> [EXERCISE DETAILS]
Restate all of the entries exactly, dropping any pictures they hold.
───── DATA FOR ANALYSIS ─────
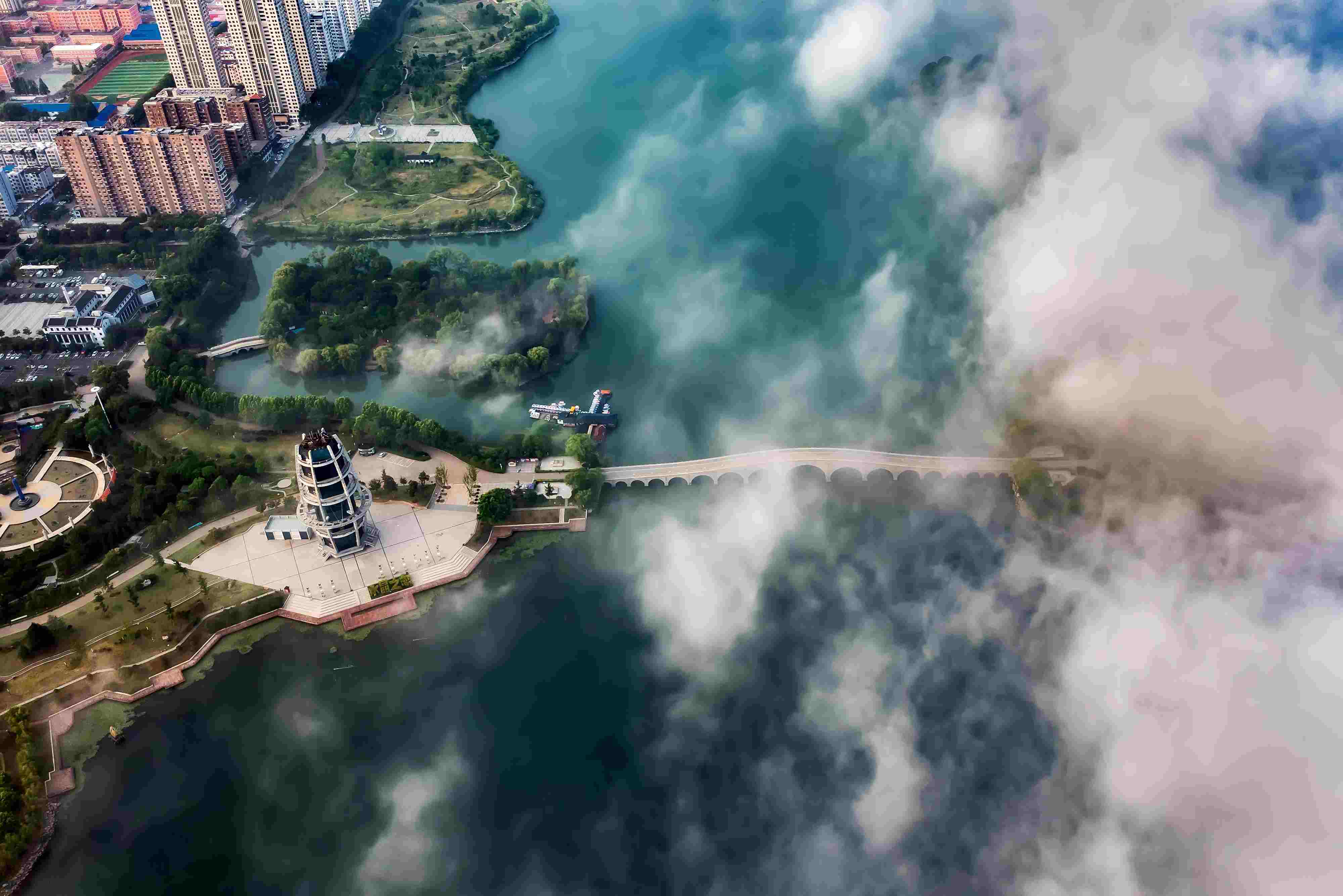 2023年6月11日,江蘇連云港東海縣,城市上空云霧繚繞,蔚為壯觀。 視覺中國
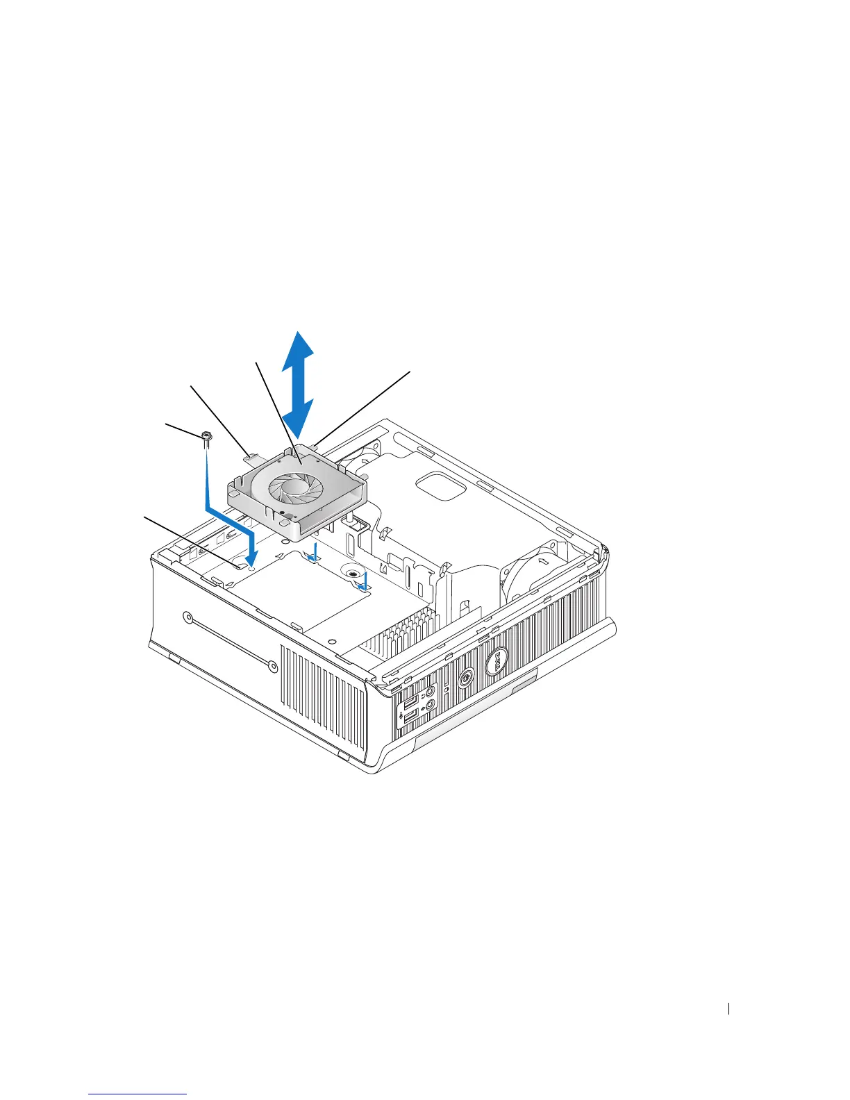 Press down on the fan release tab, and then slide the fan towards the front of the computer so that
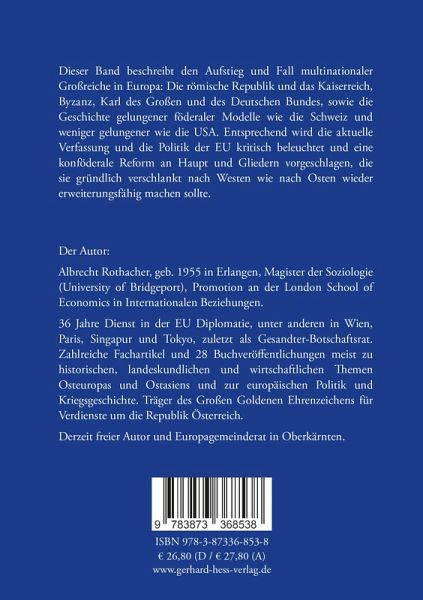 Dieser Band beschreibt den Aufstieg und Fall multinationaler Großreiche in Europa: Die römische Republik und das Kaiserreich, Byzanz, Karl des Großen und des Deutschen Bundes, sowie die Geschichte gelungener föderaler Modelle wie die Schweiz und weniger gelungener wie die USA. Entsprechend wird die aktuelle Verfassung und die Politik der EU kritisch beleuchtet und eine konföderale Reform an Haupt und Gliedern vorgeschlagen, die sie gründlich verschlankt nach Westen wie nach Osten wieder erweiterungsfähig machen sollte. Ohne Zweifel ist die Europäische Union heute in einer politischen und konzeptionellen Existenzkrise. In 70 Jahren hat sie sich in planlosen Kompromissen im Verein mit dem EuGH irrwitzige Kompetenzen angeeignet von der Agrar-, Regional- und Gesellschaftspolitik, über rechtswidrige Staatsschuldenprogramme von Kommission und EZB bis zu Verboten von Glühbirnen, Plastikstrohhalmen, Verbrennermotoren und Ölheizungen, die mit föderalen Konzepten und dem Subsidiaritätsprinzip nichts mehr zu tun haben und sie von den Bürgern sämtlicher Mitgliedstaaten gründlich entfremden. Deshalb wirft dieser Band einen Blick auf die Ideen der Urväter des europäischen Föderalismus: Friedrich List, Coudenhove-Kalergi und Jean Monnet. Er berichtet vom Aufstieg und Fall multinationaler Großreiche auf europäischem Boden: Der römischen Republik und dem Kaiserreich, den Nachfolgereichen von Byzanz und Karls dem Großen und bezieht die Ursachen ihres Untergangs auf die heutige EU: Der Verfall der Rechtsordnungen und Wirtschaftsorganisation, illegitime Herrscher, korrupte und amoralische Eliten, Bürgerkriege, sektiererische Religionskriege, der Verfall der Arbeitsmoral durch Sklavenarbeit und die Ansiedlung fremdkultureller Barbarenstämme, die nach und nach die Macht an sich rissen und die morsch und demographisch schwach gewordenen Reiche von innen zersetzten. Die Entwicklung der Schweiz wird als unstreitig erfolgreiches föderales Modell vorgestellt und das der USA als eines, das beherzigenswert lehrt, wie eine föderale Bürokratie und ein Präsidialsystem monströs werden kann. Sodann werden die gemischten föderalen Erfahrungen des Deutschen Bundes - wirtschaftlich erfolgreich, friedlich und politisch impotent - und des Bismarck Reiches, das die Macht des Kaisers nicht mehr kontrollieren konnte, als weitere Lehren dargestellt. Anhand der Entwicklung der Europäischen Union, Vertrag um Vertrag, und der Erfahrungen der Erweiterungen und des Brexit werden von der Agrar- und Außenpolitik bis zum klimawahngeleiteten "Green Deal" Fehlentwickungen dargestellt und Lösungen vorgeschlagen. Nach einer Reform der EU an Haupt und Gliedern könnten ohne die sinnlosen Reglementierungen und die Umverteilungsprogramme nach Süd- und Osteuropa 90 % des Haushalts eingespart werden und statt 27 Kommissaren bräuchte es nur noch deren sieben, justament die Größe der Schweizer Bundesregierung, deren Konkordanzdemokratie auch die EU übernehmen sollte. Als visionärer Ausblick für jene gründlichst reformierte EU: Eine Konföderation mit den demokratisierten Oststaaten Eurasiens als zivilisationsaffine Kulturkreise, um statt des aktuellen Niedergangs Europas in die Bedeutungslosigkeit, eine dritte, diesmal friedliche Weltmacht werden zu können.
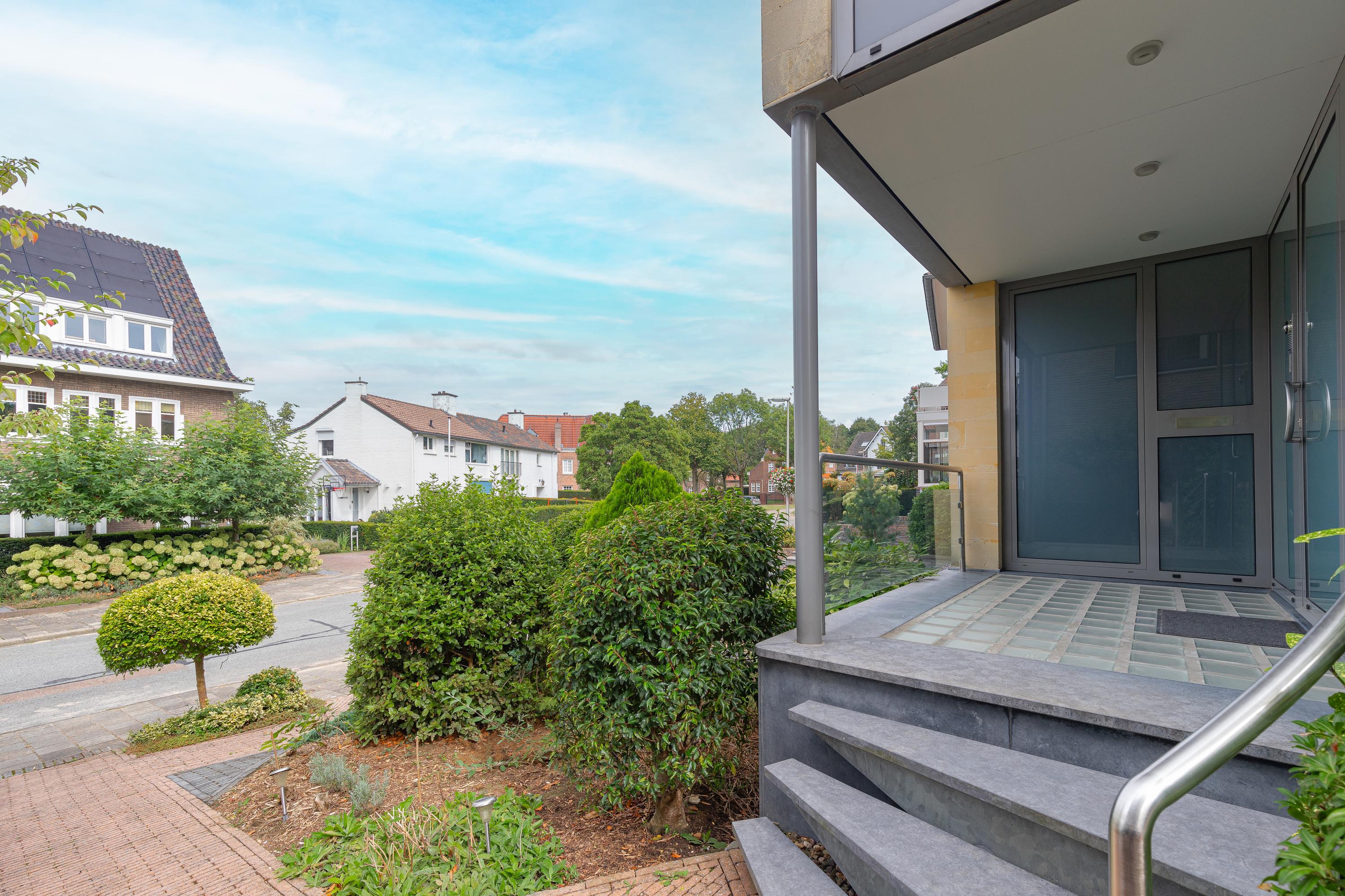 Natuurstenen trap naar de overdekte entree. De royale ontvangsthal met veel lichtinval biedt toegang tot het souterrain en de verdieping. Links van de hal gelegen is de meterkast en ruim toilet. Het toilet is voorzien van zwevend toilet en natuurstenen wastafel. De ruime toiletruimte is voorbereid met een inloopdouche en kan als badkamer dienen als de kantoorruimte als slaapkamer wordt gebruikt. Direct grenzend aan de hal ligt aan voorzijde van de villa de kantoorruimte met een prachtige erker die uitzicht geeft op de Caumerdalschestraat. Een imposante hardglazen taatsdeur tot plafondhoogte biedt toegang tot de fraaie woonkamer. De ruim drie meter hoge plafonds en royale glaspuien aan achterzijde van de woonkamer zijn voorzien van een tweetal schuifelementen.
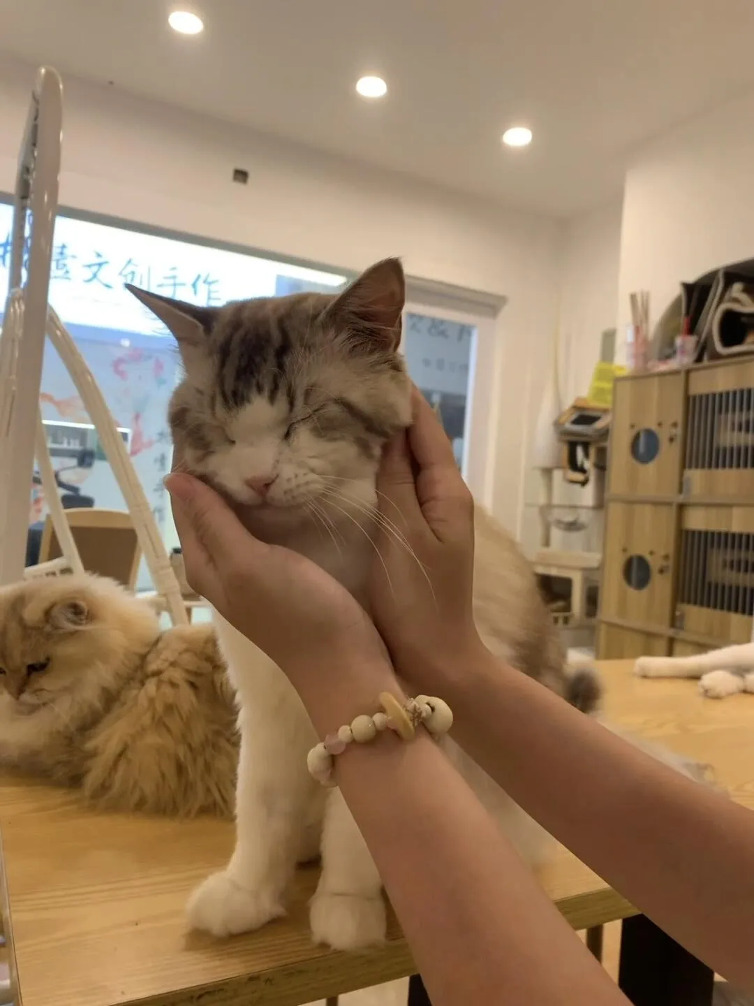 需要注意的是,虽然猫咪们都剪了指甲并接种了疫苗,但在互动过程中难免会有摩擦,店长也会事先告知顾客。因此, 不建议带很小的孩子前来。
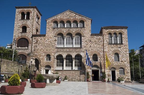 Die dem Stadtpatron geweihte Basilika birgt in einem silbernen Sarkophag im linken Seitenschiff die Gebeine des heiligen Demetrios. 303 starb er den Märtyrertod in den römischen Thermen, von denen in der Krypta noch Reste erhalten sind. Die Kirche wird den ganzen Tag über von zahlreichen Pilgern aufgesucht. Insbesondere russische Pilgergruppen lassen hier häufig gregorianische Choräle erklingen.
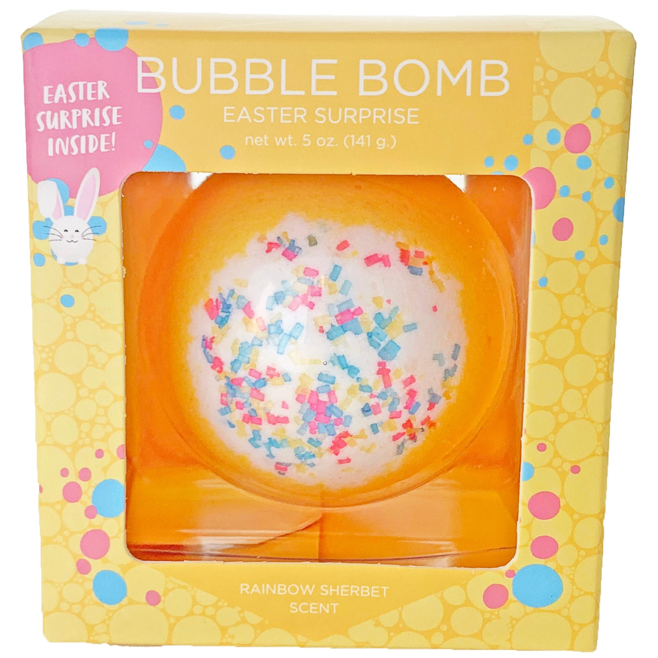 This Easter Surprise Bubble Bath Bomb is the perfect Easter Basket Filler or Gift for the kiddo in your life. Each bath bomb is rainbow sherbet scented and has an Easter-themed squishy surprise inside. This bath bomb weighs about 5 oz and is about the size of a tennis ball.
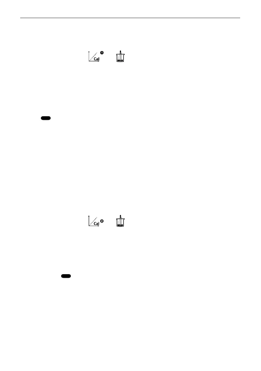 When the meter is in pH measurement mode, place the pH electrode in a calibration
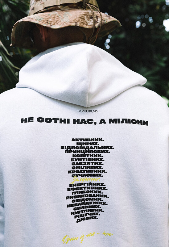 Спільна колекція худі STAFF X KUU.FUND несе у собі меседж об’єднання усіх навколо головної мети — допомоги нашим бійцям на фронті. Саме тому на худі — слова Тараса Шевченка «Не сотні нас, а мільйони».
─────
> [SOLUTION TO THIS EXERCISE]
 2023年6月11日,江蘇連云港東海縣,城市上空云霧繚繞,蔚為壯觀。 視覺中國
 Press down on the fan release tab, and then slide the fan towards the front of the computer so that
 Dieser Band beschreibt den Aufstieg und Fall multinationaler Großreiche in Europa: Die römische Republik und das Kaiserreich, Byzanz, Karl des Großen und des Deutschen Bundes, sowie die Geschichte gelungener föderaler Modelle wie die Schweiz und weniger gelungener wie die USA. Entsprechend wird die aktuelle Verfassung und die Politik der EU kritisch beleuchtet und eine konföderale Reform an Haupt und Gliedern vorgeschlagen, die sie gründlich verschlankt nach Westen wie nach Osten wieder erweiterungsfähig machen sollte. Ohne Zweifel ist die Europäische Union heute in einer politischen und konzeptionellen Existenzkrise. In 70 Jahren hat sie sich in planlosen Kompromissen im Verein mit dem EuGH irrwitzige Kompetenzen angeeignet von der Agrar-, Regional- und Gesellschaftspolitik, über rechtswidrige Staatsschuldenprogramme von Kommission und EZB bis zu Verboten von Glühbirnen, Plastikstrohhalmen, Verbrennermotoren und Ölheizungen, die mit föderalen Konzepten und dem Subsidiaritätsprinzip nichts mehr zu tun haben und sie von den Bürgern sämtlicher Mitgliedstaaten gründlich entfremden. Deshalb wirft dieser Band einen Blick auf die Ideen der Urväter des europäischen Föderalismus: Friedrich List, Coudenhove-Kalergi und Jean Monnet. Er berichtet vom Aufstieg und Fall multinationaler Großreiche auf europäischem Boden: Der römischen Republik und dem Kaiserreich, den Nachfolgereichen von Byzanz und Karls dem Großen und bezieht die Ursachen ihres Untergangs auf die heutige EU: Der Verfall der Rechtsordnungen und Wirtschaftsorganisation, illegitime Herrscher, korrupte und amoralische Eliten, Bürgerkriege, sektiererische Religionskriege, der Verfall der Arbeitsmoral durch Sklavenarbeit und die Ansiedlung fremdkultureller Barbarenstämme, die nach und nach die Macht an sich rissen und die morsch und demographisch schwach gewordenen Reiche von innen zersetzten. Die Entwicklung der Schweiz wird als unstreitig erfolgreiches föderales Modell vorgestellt und das der USA als eines, das beherzigenswert lehrt, wie eine föderale Bürokratie und ein Präsidialsystem monströs werden kann. Sodann werden die gemischten föderalen Erfahrungen des Deutschen Bundes - wirtschaftlich erfolgreich, friedlich und politisch impotent - und des Bismarck Reiches, das die Macht des Kaisers nicht mehr kontrollieren konnte, als weitere Lehren dargestellt. Anhand der Entwicklung der Europäischen Union, Vertrag um Vertrag, und der Erfahrungen der Erweiterungen und des Brexit werden von der Agrar- und Außenpolitik bis zum klimawahngeleiteten "Green Deal" Fehlentwickungen dargestellt und Lösungen vorgeschlagen. Nach einer Reform der EU an Haupt und Gliedern könnten ohne die sinnlosen Reglementierungen und die Umverteilungsprogramme nach Süd- und Osteuropa 90 % des Haushalts eingespart werden und statt 27 Kommissaren bräuchte es nur noch deren sieben, justament die Größe der Schweizer Bundesregierung, deren Konkordanzdemokratie auch die EU übernehmen sollte. Als visionärer Ausblick für jene gründlichst reformierte EU: Eine Konföderation mit den demokratisierten Oststaaten Eurasiens als zivilisationsaffine Kulturkreise, um statt des aktuellen Niedergangs Europas in die Bedeutungslosigkeit, eine dritte, diesmal friedliche Weltmacht werden zu können.
 Natuurstenen trap naar de overdekte entree. De royale ontvangsthal met veel lichtinval biedt toegang tot het souterrain en de verdieping. Links van de hal gelegen is de meterkast en ruim toilet. Het toilet is voorzien van zwevend toilet en natuurstenen wastafel. De ruime toiletruimte is voorbereid met een inloopdouche en kan als badkamer dienen als de kantoorruimte als slaapkamer wordt gebruikt. Direct grenzend aan de hal ligt aan voorzijde van de villa de kantoorruimte met een prachtige erker die uitzicht geeft op de Caumerdalschestraat. Een imposante hardglazen taatsdeur tot plafondhoogte biedt toegang tot de fraaie woonkamer. De ruim drie meter hoge plafonds en royale glaspuien aan achterzijde van de woonkamer zijn voorzien van een tweetal schuifelementen.
 需要注意的是,虽然猫咪们都剪了指甲并接种了疫苗,但在互动过程中难免会有摩擦,店长也会事先告知顾客。因此, 不建议带很小的孩子前来。
 Die dem Stadtpatron geweihte Basilika birgt in einem silbernen Sarkophag im linken Seitenschiff die Gebeine des heiligen Demetrios. 303 starb er den Märtyrertod in den römischen Thermen, von denen in der Krypta noch Reste erhalten sind. Die Kirche wird den ganzen Tag über von zahlreichen Pilgern aufgesucht. Insbesondere russische Pilgergruppen lassen hier häufig gregorianische Choräle erklingen.
 This Easter Surprise Bubble Bath Bomb is the perfect Easter Basket Filler or Gift for the kiddo in your life. Each bath bomb is rainbow sherbet scented and has an Easter-themed squishy surprise inside. This bath bomb weighs about 5 oz and is about the size of a tennis ball.
 When the meter is in pH measurement mode, place the pH electrode in a calibration
 Спільна колекція худі STAFF X KUU.FUND несе у собі меседж об’єднання усіх навколо головної мети — допомоги нашим бійцям на фронті. Саме тому на худі — слова Тараса Шевченка «Не сотні нас, а мільйони».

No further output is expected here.